* [Problem description] Omit the pictures and return exactly the stretch of the material below from the line with "ヒーロー風カッコイイあだ名 | 『ネオケーイ』『最強戦士ケーイ』 |" through the line with "Щит распределительный встраиваемый".

──────── Records

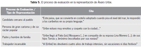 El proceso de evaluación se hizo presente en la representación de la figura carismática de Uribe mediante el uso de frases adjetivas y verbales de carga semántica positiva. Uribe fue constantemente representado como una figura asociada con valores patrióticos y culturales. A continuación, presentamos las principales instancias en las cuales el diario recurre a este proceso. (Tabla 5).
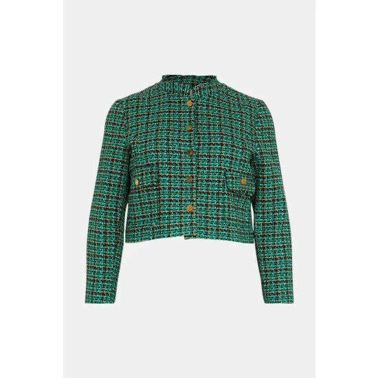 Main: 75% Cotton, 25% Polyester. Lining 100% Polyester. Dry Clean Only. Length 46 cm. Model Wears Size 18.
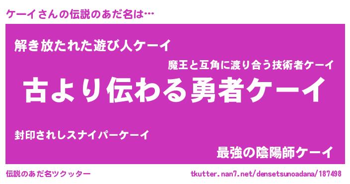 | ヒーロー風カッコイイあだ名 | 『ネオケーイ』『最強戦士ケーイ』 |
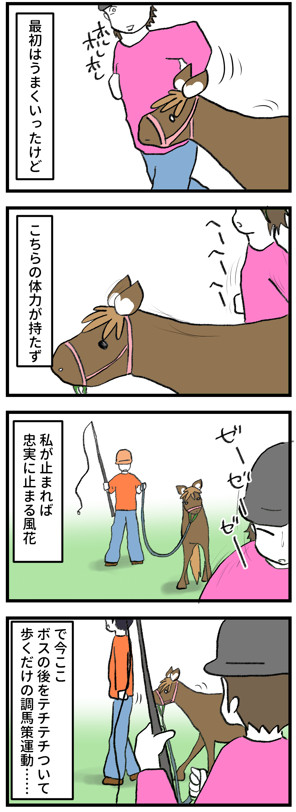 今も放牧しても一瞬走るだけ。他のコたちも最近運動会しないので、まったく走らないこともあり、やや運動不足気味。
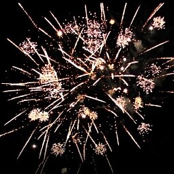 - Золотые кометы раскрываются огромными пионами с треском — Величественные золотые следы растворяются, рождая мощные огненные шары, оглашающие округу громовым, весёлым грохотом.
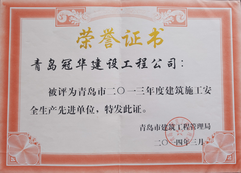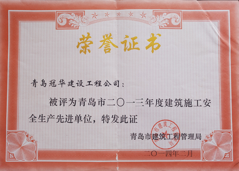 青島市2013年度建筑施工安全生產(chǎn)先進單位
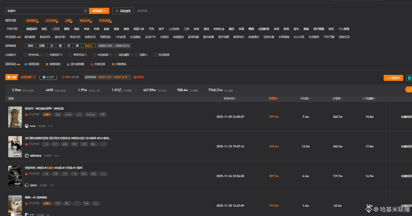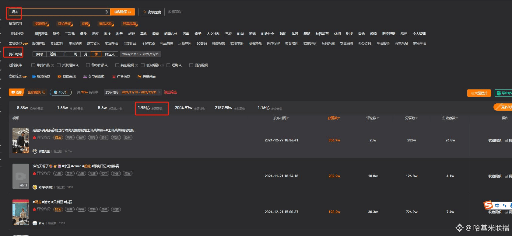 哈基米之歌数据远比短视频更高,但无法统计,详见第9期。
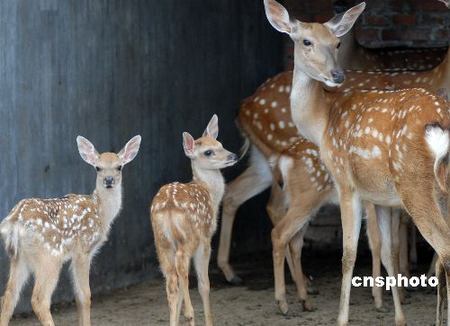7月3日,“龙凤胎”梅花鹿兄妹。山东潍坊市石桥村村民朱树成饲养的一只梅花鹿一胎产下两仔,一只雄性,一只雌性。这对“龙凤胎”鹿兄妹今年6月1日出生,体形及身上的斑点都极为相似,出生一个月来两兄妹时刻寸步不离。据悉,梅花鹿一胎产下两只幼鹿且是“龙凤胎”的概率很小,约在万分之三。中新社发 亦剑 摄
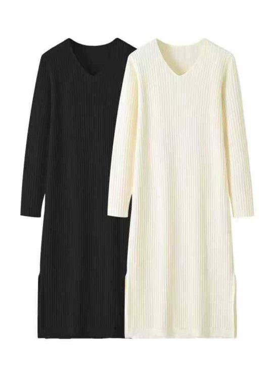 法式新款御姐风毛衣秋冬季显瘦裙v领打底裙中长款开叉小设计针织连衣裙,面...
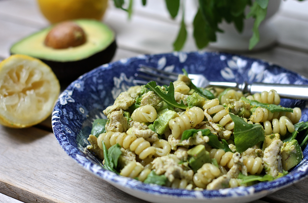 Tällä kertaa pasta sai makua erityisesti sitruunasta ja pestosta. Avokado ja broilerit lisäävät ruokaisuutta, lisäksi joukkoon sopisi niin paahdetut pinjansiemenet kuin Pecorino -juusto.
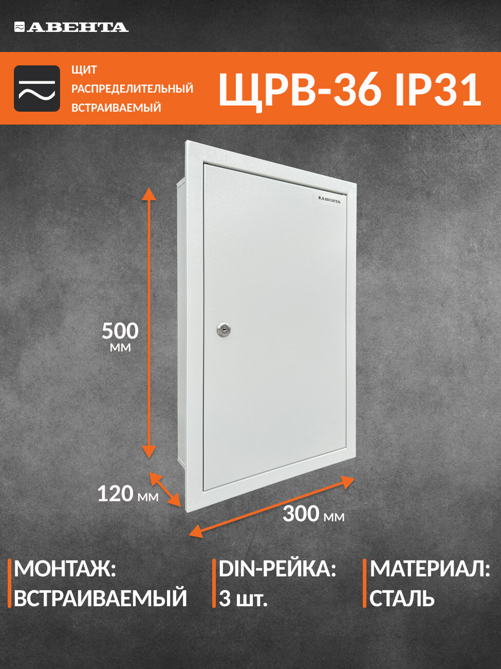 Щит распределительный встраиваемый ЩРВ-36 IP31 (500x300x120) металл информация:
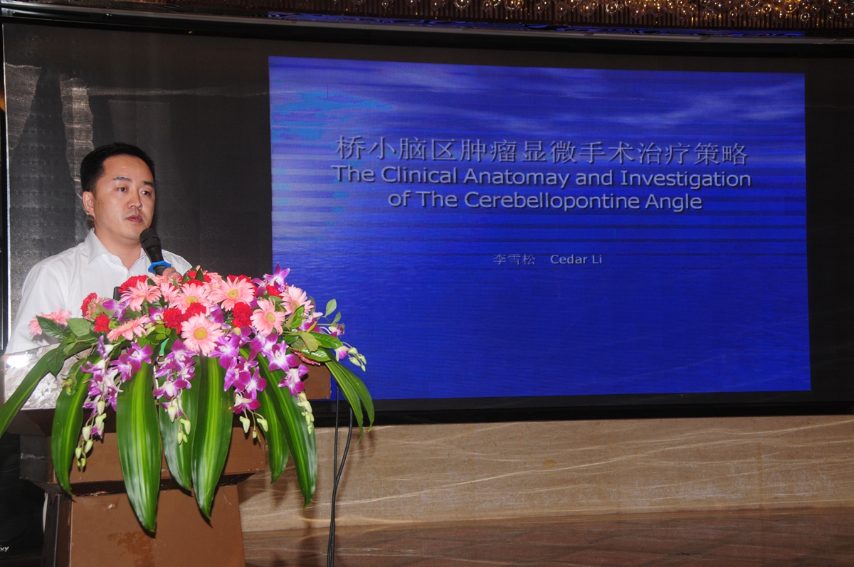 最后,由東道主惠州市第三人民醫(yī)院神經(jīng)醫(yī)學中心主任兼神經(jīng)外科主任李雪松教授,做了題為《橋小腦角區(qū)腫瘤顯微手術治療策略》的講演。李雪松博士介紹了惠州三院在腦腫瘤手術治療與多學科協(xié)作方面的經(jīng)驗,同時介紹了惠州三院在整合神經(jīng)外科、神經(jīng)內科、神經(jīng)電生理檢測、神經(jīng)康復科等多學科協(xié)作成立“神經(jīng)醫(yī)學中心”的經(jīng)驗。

────────────────

* [Exercise solution]
 | ヒーロー風カッコイイあだ名 | 『ネオケーイ』『最強戦士ケーイ』 |
 今も放牧しても一瞬走るだけ。他のコたちも最近運動会しないので、まったく走らないこともあり、やや運動不足気味。
 - Золотые кометы раскрываются огромными пионами с треском — Величественные золотые следы растворяются, рождая мощные огненные шары, оглашающие округу громовым, весёлым грохотом.
 青島市2013年度建筑施工安全生產(chǎn)先進單位
 哈基米之歌数据远比短视频更高,但无法统计,详见第9期。
7月3日,“龙凤胎”梅花鹿兄妹。山东潍坊市石桥村村民朱树成饲养的一只梅花鹿一胎产下两仔,一只雄性,一只雌性。这对“龙凤胎”鹿兄妹今年6月1日出生,体形及身上的斑点都极为相似,出生一个月来两兄妹时刻寸步不离。据悉,梅花鹿一胎产下两只幼鹿且是“龙凤胎”的概率很小,约在万分之三。中新社发 亦剑 摄
 法式新款御姐风毛衣秋冬季显瘦裙v领打底裙中长款开叉小设计针织连衣裙,面...
 Tällä kertaa pasta sai makua erityisesti sitruunasta ja pestosta. Avokado ja broilerit lisäävät ruokaisuutta, lisäksi joukkoon sopisi niin paahdetut pinjansiemenet kuin Pecorino -juusto.
 Щит распределительный встраиваемый ЩРВ-36 IP31 (500x300x120) металл информация:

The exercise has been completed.